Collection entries
------------------------------------------------------------

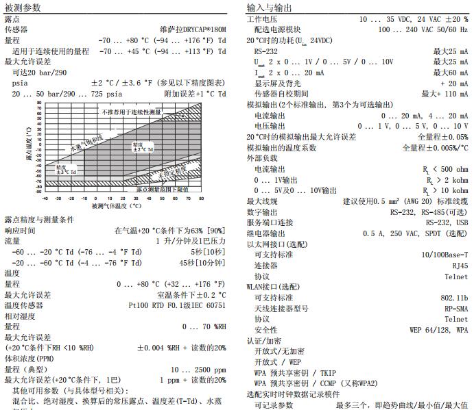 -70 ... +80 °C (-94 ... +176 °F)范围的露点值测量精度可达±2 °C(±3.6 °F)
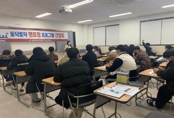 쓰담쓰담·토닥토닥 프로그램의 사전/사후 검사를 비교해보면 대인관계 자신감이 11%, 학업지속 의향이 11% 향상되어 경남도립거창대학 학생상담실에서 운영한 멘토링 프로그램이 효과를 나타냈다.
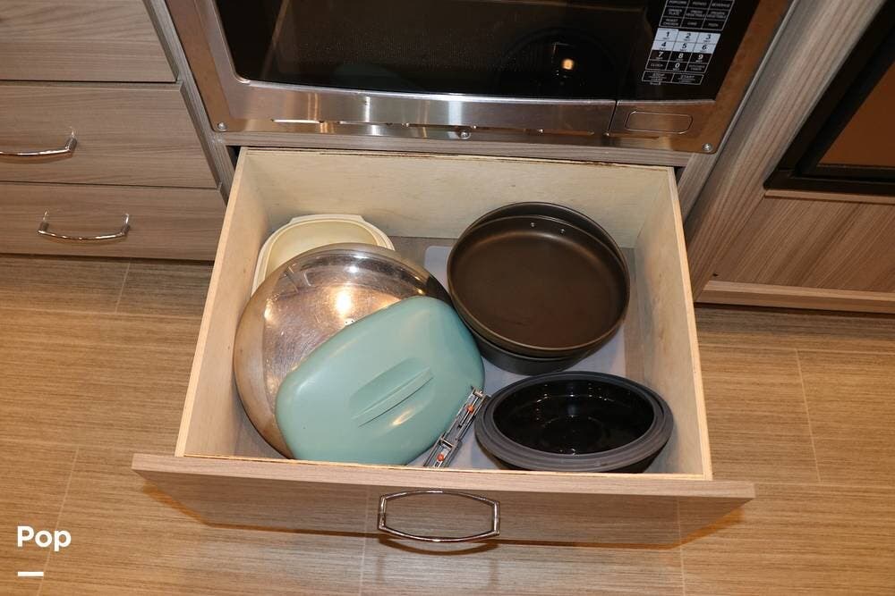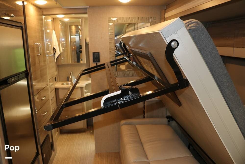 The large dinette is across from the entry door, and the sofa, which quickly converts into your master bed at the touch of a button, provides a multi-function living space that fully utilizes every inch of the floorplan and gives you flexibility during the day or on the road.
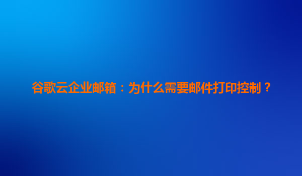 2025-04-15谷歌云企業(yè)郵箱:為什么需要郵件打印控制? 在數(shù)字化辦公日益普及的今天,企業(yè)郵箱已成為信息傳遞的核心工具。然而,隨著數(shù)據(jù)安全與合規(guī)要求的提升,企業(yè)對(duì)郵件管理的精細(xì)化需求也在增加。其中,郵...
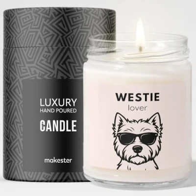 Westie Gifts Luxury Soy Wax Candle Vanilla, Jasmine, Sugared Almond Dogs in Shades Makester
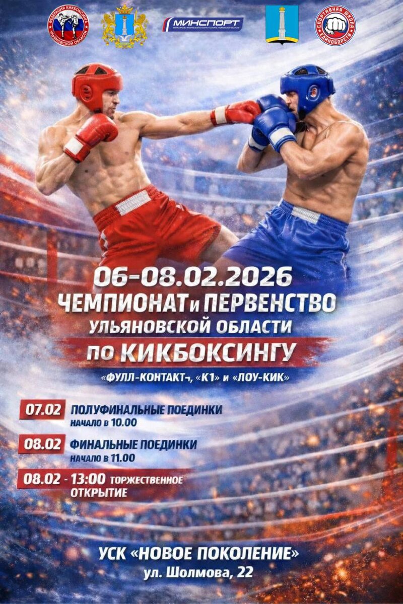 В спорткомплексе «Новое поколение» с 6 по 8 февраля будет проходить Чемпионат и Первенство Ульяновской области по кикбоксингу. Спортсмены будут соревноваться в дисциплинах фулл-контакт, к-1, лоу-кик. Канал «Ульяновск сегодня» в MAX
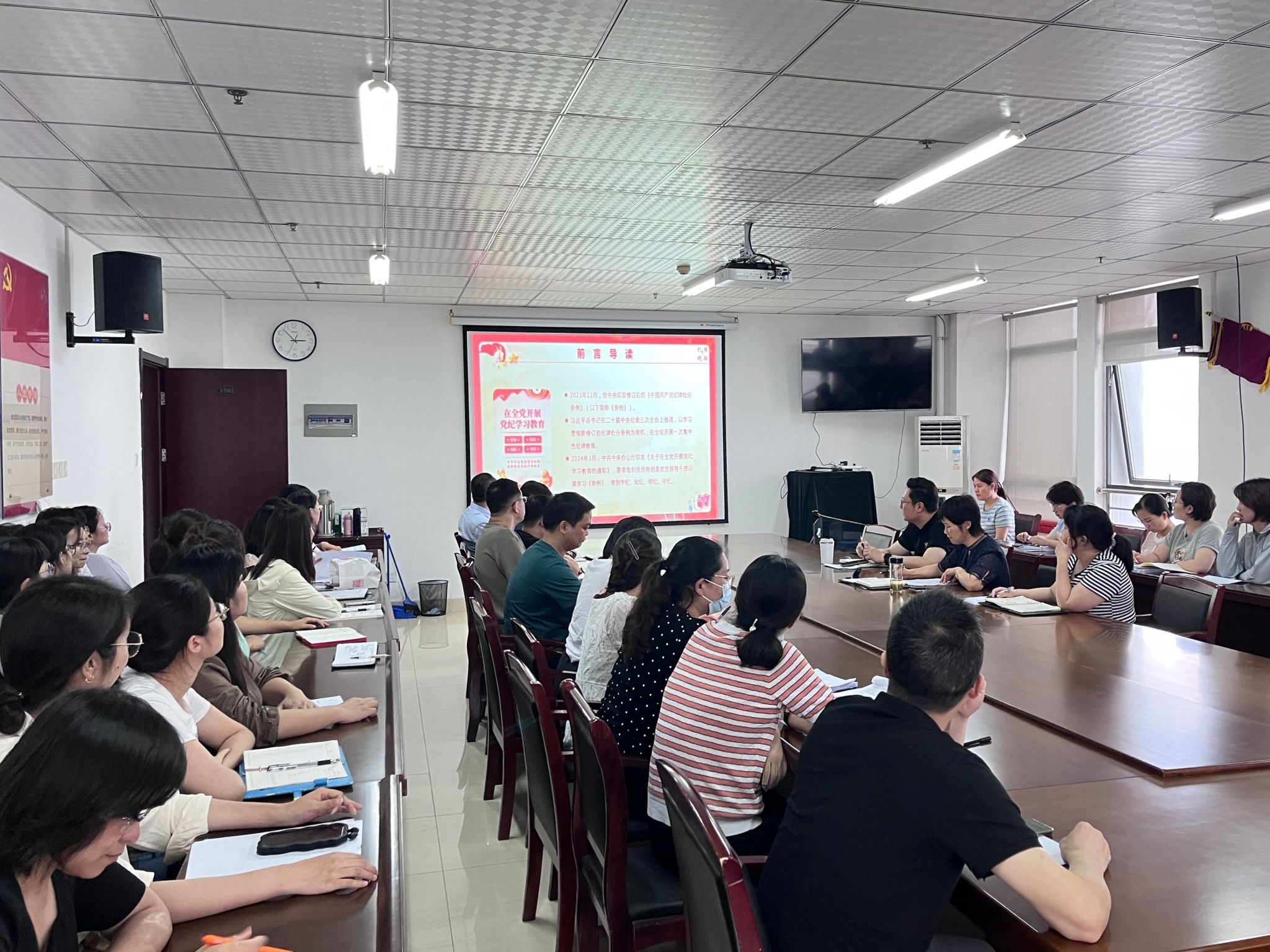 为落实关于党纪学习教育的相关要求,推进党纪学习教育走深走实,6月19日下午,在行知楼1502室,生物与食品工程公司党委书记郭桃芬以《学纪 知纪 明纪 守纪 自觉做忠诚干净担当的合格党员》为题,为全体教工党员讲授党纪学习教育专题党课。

------------------------------------------------------------

WORK TO COMPLETE ▸ Apart from the pictures, all of the data should be repeated exactly.

ANSWER FOR THIS EXERCISE ▸
 -70 ... +80 °C (-94 ... +176 °F)范围的露点值测量精度可达±2 °C(±3.6 °F)
 쓰담쓰담·토닥토닥 프로그램의 사전/사후 검사를 비교해보면 대인관계 자신감이 11%, 학업지속 의향이 11% 향상되어 경남도립거창대학 학생상담실에서 운영한 멘토링 프로그램이 효과를 나타냈다.
 The large dinette is across from the entry door, and the sofa, which quickly converts into your master bed at the touch of a button, provides a multi-function living space that fully utilizes every inch of the floorplan and gives you flexibility during the day or on the road.
 2025-04-15谷歌云企業(yè)郵箱:為什么需要郵件打印控制? 在數(shù)字化辦公日益普及的今天,企業(yè)郵箱已成為信息傳遞的核心工具。然而,隨著數(shù)據(jù)安全與合規(guī)要求的提升,企業(yè)對(duì)郵件管理的精細(xì)化需求也在增加。其中,郵...
 Westie Gifts Luxury Soy Wax Candle Vanilla, Jasmine, Sugared Almond Dogs in Shades Makester
 В спорткомплексе «Новое поколение» с 6 по 8 февраля будет проходить Чемпионат и Первенство Ульяновской области по кикбоксингу. Спортсмены будут соревноваться в дисциплинах фулл-контакт, к-1, лоу-кик. Канал «Ульяновск сегодня» в MAX
 为落实关于党纪学习教育的相关要求,推进党纪学习教育走深走实,6月19日下午,在行知楼1502室,生物与食品工程公司党委书记郭桃芬以《学纪 知纪 明纪 守纪 自觉做忠诚干净担当的合格党员》为题,为全体教工党员讲授党纪学习教育专题党课。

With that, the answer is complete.